(Data records)
######

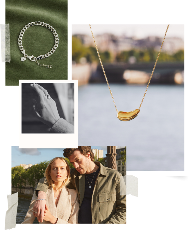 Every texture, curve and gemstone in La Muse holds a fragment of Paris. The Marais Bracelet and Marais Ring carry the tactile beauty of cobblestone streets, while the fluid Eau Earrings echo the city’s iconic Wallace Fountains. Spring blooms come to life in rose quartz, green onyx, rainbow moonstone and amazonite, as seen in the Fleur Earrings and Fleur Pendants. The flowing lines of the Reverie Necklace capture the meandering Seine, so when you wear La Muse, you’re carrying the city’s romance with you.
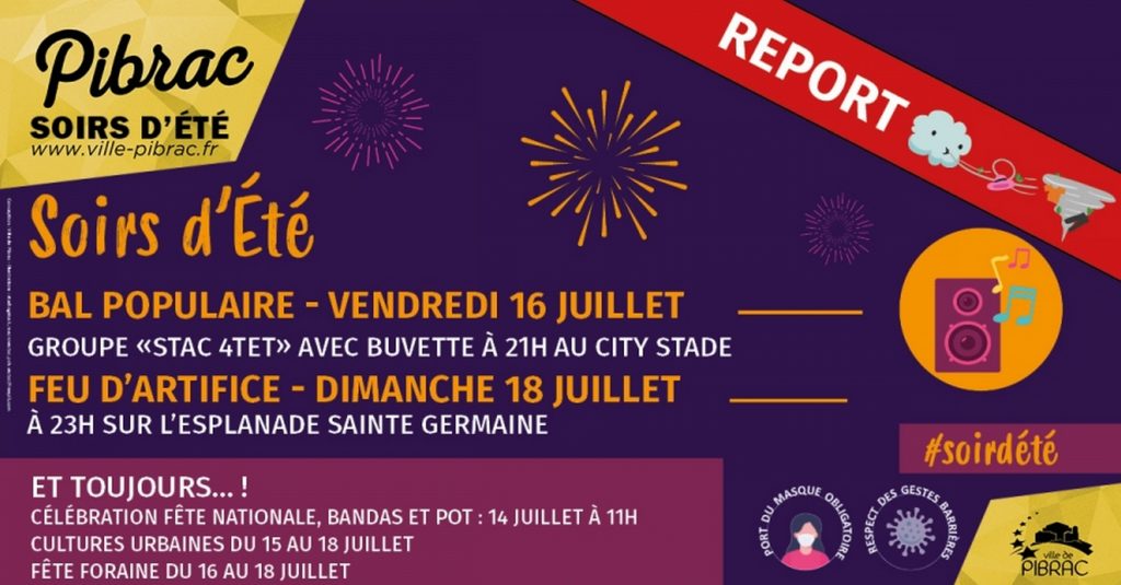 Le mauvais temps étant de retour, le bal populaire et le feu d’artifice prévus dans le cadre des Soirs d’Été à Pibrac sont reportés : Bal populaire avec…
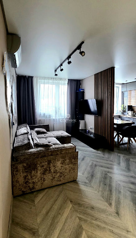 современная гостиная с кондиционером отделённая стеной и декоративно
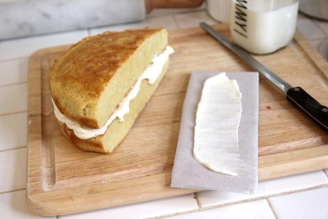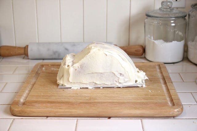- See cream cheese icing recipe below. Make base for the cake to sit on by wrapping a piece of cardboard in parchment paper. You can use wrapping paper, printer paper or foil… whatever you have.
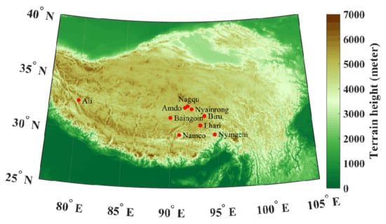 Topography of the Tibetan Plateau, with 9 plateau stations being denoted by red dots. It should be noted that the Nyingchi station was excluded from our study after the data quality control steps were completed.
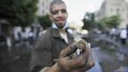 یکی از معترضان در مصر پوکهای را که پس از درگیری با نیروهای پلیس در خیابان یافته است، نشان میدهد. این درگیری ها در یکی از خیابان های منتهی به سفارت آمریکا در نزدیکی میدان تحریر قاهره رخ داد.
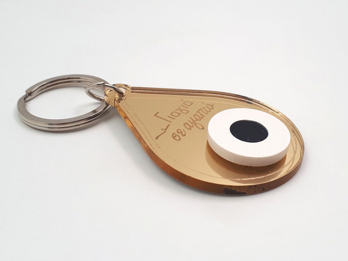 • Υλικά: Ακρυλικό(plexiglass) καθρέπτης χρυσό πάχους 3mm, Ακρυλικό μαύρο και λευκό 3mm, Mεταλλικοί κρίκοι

######

» Task to carry out:
What is needed is an exact copy of the entries, without any images.

» Your response:
 Every texture, curve and gemstone in La Muse holds a fragment of Paris. The Marais Bracelet and Marais Ring carry the tactile beauty of cobblestone streets, while the fluid Eau Earrings echo the city’s iconic Wallace Fountains. Spring blooms come to life in rose quartz, green onyx, rainbow moonstone and amazonite, as seen in the Fleur Earrings and Fleur Pendants. The flowing lines of the Reverie Necklace capture the meandering Seine, so when you wear La Muse, you’re carrying the city’s romance with you.
 Le mauvais temps étant de retour, le bal populaire et le feu d’artifice prévus dans le cadre des Soirs d’Été à Pibrac sont reportés : Bal populaire avec…
 современная гостиная с кондиционером отделённая стеной и декоративно
- See cream cheese icing recipe below. Make base for the cake to sit on by wrapping a piece of cardboard in parchment paper. You can use wrapping paper, printer paper or foil… whatever you have.
 Topography of the Tibetan Plateau, with 9 plateau stations being denoted by red dots. It should be noted that the Nyingchi station was excluded from our study after the data quality control steps were completed.
 یکی از معترضان در مصر پوکهای را که پس از درگیری با نیروهای پلیس در خیابان یافته است، نشان میدهد. این درگیری ها در یکی از خیابان های منتهی به سفارت آمریکا در نزدیکی میدان تحریر قاهره رخ داد.
 • Υλικά: Ακρυλικό(plexiglass) καθρέπτης χρυσό πάχους 3mm, Ακρυλικό μαύρο και λευκό 3mm, Mεταλλικοί κρίκοι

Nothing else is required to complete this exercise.